Very considerably fagged out we arrived in town at 9 o’clock
at night, myself in the lead—for when my horse finally came to
understand that he was homeward bound and hadn’t far to go, he
turned his attention strictly to business.
This is a good time to drop in a paragraph of information.
There is no regular livery stable in Honolulu, or, indeed, in any
part of the Kingdom of Hawaii; therefore unless you are
acquainted with wealthy residents (who all have good horses), you
must hire animals of the wretchedest description from the
Kanakas. (i.e. natives.) Any horse you hire, even though it be
from a white man, is not often of much account, because it will
be brought in for you from some ranch, and has necessarily been
leading a hard life. If the Kanakas who have been caring for him
(inveterate riders they are) have not ridden him half to death
every day themselves, you can depend upon it they have been doing
the same thing by proxy, by clandestinely hiring him out. At
least, so I am informed. The result is, that no horse has a
chance to eat, drink, rest, recuperate, or look well or feel
well, and so strangers go about the Islands mounted as I was
to-day.
In hiring a horse from a Kanaka, you must have all your eyes
about you, because you can rest satisfied that you are dealing
with a shrewd unprincipled rascal. You may leave your door open
and your trunk unlocked as long as you please, and he will not
meddle with your property; he has no important vices and no
inclination to commit robbery on a large scale; but if he can get
ahead of you in the horse business, he will take a genuine
delight in doing it. This traits is characteristic of horse
jockeys, the world over, is it not? He will overcharge you if he
can; he will hire you a fine-looking horse at night
(anybody’s—may be the King’s, if the royal steed be in
convenient view), and bring you the mate to my Oahu in the
morning, and contend that it is the same animal. If you make
trouble, he will get out by saying it was not himself who made
the bargain with you, but his brother, “who went out in the
country this morning.” They have always got a “brother” to shift
the responsibility upon. A victim said to one of these fellows
one day:
“But I know I hired the horse of you, because I noticed that
scar on your cheek.”
The reply was not bad: “Oh, yes—yes—my brother all same—we
twins!”
A friend of mine, J. Smith, hired a horse yesterday, the
Kanaka warranting him to be in excellent condition.

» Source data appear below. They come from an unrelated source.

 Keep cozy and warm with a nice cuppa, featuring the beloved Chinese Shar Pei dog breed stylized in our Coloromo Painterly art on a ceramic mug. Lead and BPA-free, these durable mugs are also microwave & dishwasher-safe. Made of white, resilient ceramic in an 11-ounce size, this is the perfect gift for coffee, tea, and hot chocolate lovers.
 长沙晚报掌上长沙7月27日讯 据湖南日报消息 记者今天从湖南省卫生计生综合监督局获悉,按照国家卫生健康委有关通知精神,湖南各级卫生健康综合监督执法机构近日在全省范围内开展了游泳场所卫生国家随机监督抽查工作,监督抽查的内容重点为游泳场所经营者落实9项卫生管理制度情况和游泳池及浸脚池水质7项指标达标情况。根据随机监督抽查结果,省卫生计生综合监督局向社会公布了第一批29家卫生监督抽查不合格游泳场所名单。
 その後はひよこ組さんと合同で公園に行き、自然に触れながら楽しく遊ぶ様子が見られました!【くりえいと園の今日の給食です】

Smith had a saddle and blanket of his own, and he ordered the
Kanaka to put these on the horse. The Kanaka protested that he
was perfectly willing to trust the gentleman with the saddle that
was already on the animal, but Smith refused to use it. The
change was made; then Smith noticed that the Kanaka had only
changed the saddles, and had left the original blanket on the
horse; he said he forgot to change the blankets, and so, to cut
the bother short, Smith mounted and rode away. The horse went
lame a mile from town, and afterward got to cutting up some
extraordinary capers. Smith got down and took off the saddle, but
the blanket stuck fast to the horse—glued to a procession of raw
places. The Kanaka’s mysterious conduct stood explained.

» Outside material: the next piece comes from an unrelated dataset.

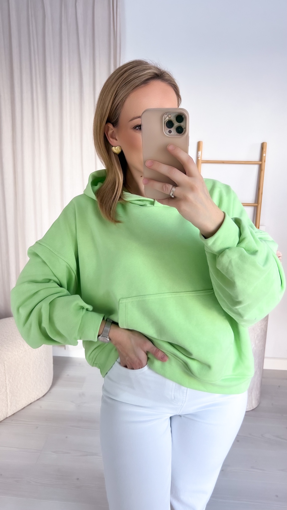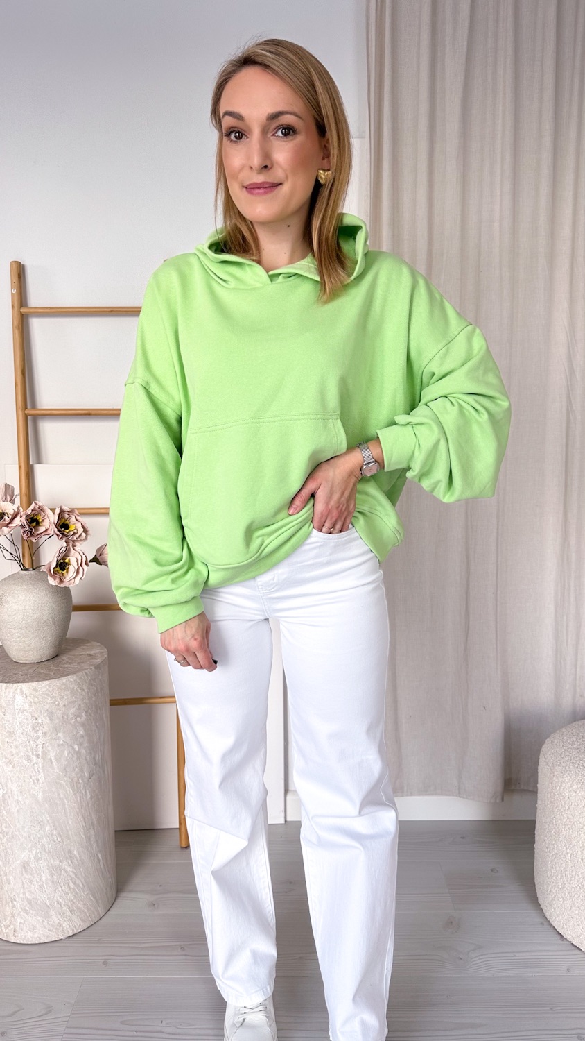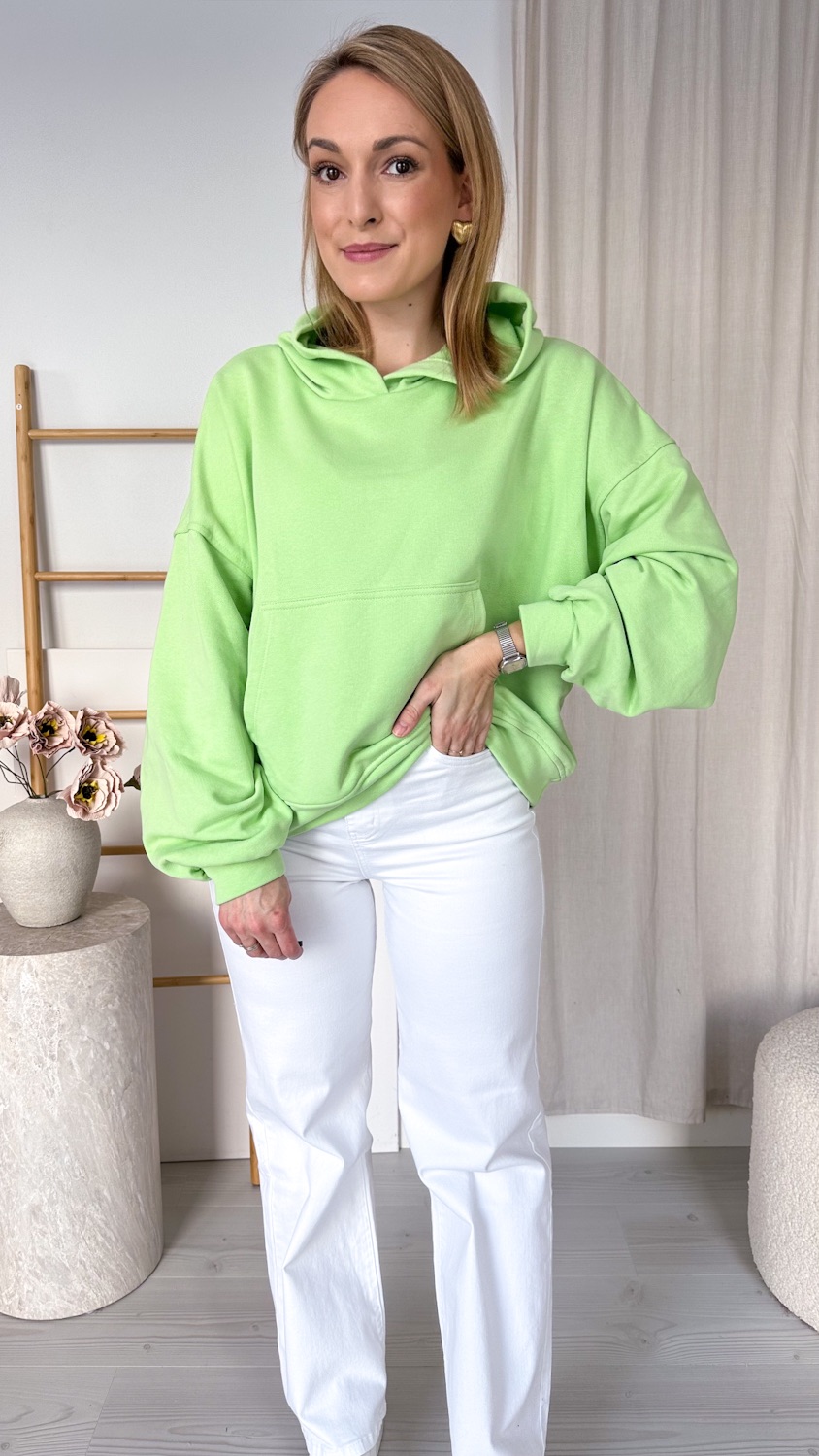 Praktyczna kieszeń typu kangur pozwala ogrzać dłonie lub przechować drobiazgi, a regulowany kaptur chroni przed wiatrem i chłodem. Minimalistyczny design sprawia, że bluza doskonale komponuje się z jeansami, dresami czy legginsami, tworząc stylowe, codzienne zestawy.

Another friend of mine bought a pretty good horse from a
native, a day or two ago, after a tolerably thorough examination
of the animal. He discovered today that the horse was as blind as
a bat, in one eye. He meant to have examined that eye, and came
home with a general notion that he had done it; but he remembers
now that every time he made the attempt his attention was called
to something else by his victimizer.
One more instance, and then I will pass to something else. I
am informed that when a certain Mr. L., a visiting stranger, was
here, he bought a pair of very respectable-looking match horses
from a native. They were in a little stable with a partition
through the middle of it—one horse in each apartment. Mr. L.

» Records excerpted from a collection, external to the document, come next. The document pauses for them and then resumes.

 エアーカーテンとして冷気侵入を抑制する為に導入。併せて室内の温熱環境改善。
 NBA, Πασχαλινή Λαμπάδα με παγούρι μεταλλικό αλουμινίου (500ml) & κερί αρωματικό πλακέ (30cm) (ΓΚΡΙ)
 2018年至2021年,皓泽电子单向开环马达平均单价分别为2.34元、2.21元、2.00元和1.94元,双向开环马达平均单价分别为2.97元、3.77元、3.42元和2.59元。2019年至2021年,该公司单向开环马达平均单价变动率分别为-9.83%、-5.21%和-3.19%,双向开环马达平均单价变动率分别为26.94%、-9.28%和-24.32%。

examined one of them critically through a window (the Kanaka’s
“brother” having gone to the country with the key), and then went
around the house and examined the other through a window on the
other side. He said it was the neatest match he had ever seen,
and paid for the horses on the spot. Whereupon the Kanaka
departed to join his brother in the country. The fellow had
shamefully swindled L. There was only one “match” horse, and he
had examined his starboard side through one window and his port
side through another! I decline to believe this story, but I give
it because it is worth something as a fanciful illustration of a
fixed fact—namely, that the Kanaka horse-jockey is fertile in
invention and elastic in conscience.
You can buy a pretty good horse for forty or fifty dollars,
and a good enough horse for all practical purposes for two
dollars and a half. I estimate “Oahu” to be worth somewhere in
the neighborhood of thirty-five cents. A good deal better animal
than he is was sold here day before yesterday for a dollar and
seventy-five cents, and sold again to-day for two dollars and
twenty-five cents; Williams bought a handsome and lively little
pony yesterday for ten dollars; and about the best common horse
on the island (and he is a really good one) sold yesterday, with
Mexican saddle and bridle, for seventy dollars—a horse which is
well and widely known, and greatly respected for his speed, good
disposition and everlasting bottom.
You give your horse a little grain once a day; it comes from
San Francisco, and is worth about two cents a pound; and you give
him as much hay as he wants; it is cut and brought to the market
by natives, and is not very good it is baled into long, round
bundles, about the size of a large man; one of them is stuck by
the middle on each end of a six foot pole, and the Kanaka
shoulders the pole and walks about the streets between the
upright bales in search of customers. These hay bales, thus
carried, have a general resemblance to a colossal capital
‘H.’

The hay-bundles cost twenty-five cents apiece, and one will
last a horse about a day. You can get a horse for a song, a
week’s hay for another song, and you can turn your animal loose
among the luxuriant grass in your neighbor’s broad front yard
without a song at all—you do it at midnight, and stable the
beast again before morning. You have been at no expense thus far,
but when you come to buy a saddle and bridle they will cost you
from twenty to thirty-five dollars. You can hire a horse, saddle
and bridle at from seven to ten dollars a week, and the owner
will take care of them at his own expense.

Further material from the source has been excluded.